* Task statement
Reproduce the listing below from the line with "बुद्धी , सैम, संस्कृताय, हांच्या" to the line with "Vertikalna torba za", both lines included, character for character, minus any pictures.

* Records supplied
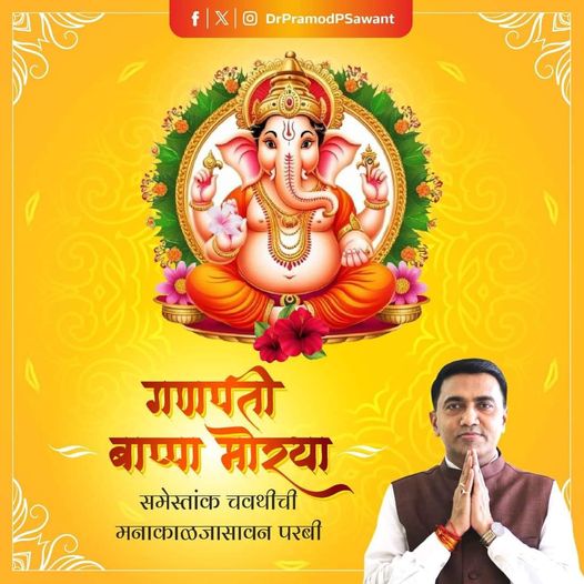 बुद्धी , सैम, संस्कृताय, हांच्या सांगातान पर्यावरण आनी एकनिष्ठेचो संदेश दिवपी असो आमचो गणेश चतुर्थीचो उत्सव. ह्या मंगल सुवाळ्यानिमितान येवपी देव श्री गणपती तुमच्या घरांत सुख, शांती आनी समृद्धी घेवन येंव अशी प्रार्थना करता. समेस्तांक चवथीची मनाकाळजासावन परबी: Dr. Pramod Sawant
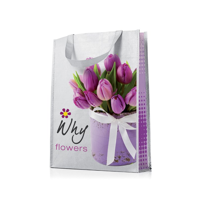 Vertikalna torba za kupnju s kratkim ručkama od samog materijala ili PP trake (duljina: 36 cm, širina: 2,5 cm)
---
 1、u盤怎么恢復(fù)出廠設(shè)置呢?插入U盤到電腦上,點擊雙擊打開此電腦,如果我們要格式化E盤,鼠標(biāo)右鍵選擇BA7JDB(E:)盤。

* Exercise output
 बुद्धी , सैम, संस्कृताय, हांच्या सांगातान पर्यावरण आनी एकनिष्ठेचो संदेश दिवपी असो आमचो गणेश चतुर्थीचो उत्सव. ह्या मंगल सुवाळ्यानिमितान येवपी देव श्री गणपती तुमच्या घरांत सुख, शांती आनी समृद्धी घेवन येंव अशी प्रार्थना करता. समेस्तांक चवथीची मनाकाळजासावन परबी: Dr. Pramod Sawant
 Vertikalna torba za kupnju s kratkim ručkama od samog materijala ili PP trake (duljina: 36 cm, širina: 2,5 cm)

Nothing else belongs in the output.